College Voices
America’s Double Standards On Race And Sexual Assault

A man named Mark Twain once said, “There are many humorous things in the world—among them is the white man’s notion that he is less savage than the other savages.”
These words are indicative of the prevalent issues regarding how America views black and white men differently when addressing sexual assault.
In the era of the Me Too Movement, President Trump, Donald Trump Jr., and many other conservatives have professed their concerns about boys and men enduring false sexual assault accusations.
The movement has drawn praise and applauds from many people for demanding more awareness and accountability for sexual assault. However, sexual assault still has many Americans divided on this issue today.
African-American males still must live with a disparaging myth today as old as the Civil War, invented by European settlers, declaring that most rapes are committed against white women by black men.
Ford Bend Women’s Center stated that “Statistics verified that 80-90% of all sexual assault offenders are a member of the same racial class as the survivor in all violent crimes.
In fact, when the perpetrator belongs to a different race than his victim, he is more inclined to be a white man sexually assaulting a woman of color rather than a man of color sexually assaulting a white woman.”
The United States has a bleak extensive history with sexual assault. In the era of the Civil War, African American women did not receive any legal protection from sexual violence externalized on them by White men.
The Connecticut Alliance to End Sexual Violence Organization has declared that women of color are frequently referred to as “promiscuous” and “hypersexual.” The media’s constant caricatures depicting women of color as “jezebels” only purports the exposition that they are never victims of sexual assault because they are readily engaging in sexual acts.
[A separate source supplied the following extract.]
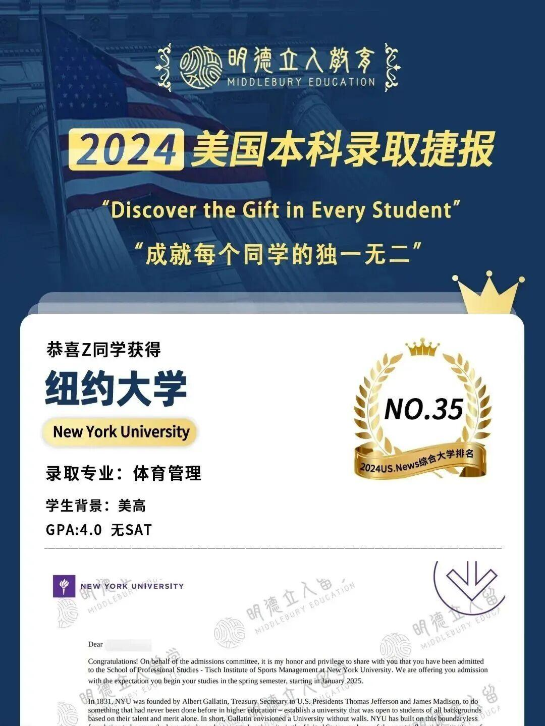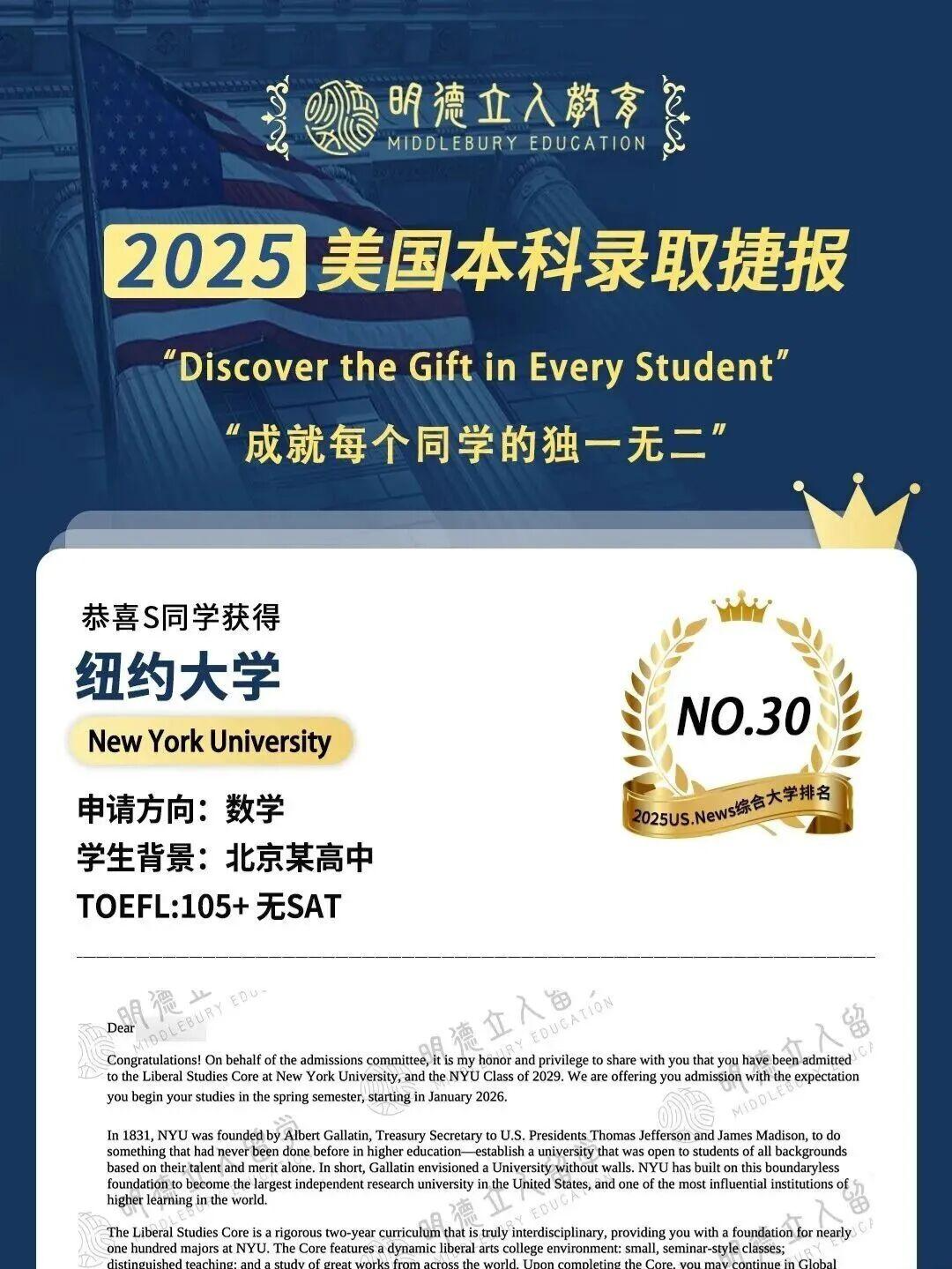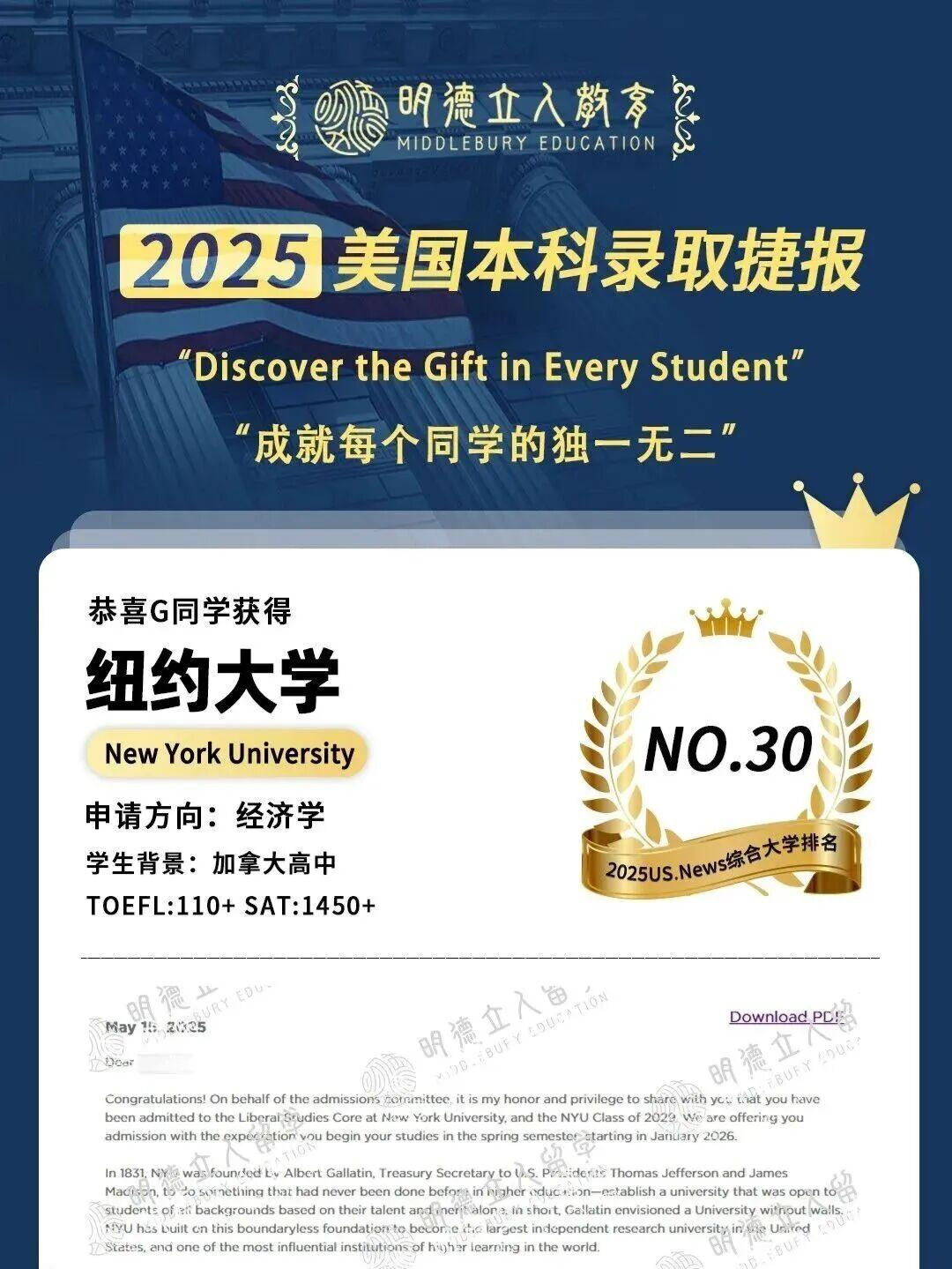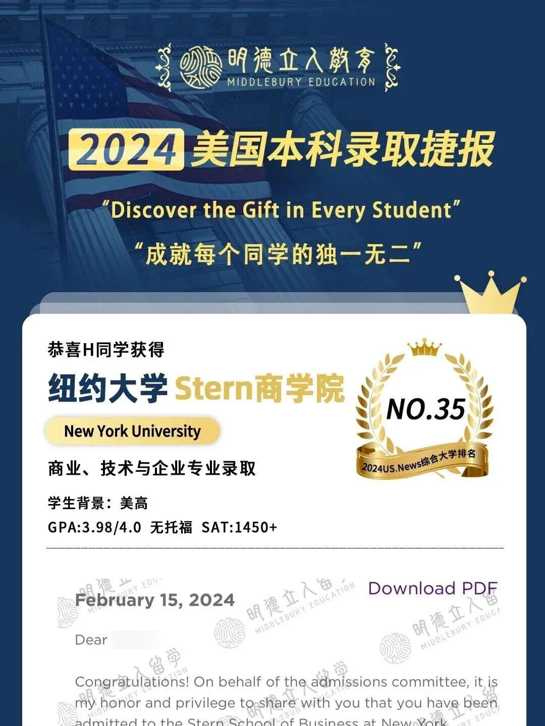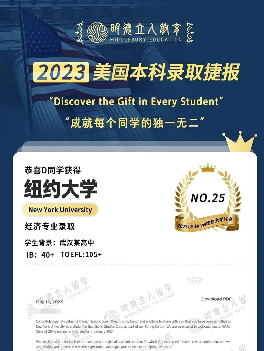 不过,明德深耕美本申请10年+,在助力圆梦上一直相当给力。近年来,明德学员斩获了21枚NYU录取,其中不乏难度指数TOP级的Stern商学院、Tisch艺术学院。

The organization also reported “The ethnicity of women who are raped in their lifetime: 17.9 percent are Caucasian, 11.9 are Latina, 18.8 are African-American, 34.1 percent are Native American or Alaskan Native, 6.8 percent are Asian or Pacific Islander, and 24.4 percent are mixed race.”
In the instance involving exonerations by race and crime, the National Registry of Exonerations acknowledged African-Americans and Hispanics are overwhelming wrongfully convicted than exonerated for crimes such as murder, sexual assault, child sex abuse, robbery, other violent crimes, drug crimes, and other non-violent crimes.
“There was thirty-four percent of Hispanic men and fifty-nine percent of African-American men convicted of sexual assault, but then exonerated.
African-Americans have represented virtually half of the innocent individuals falsely convicted of crimes. These individuals were later exonerated since 1989, even though they are only thirteen percent of the population.”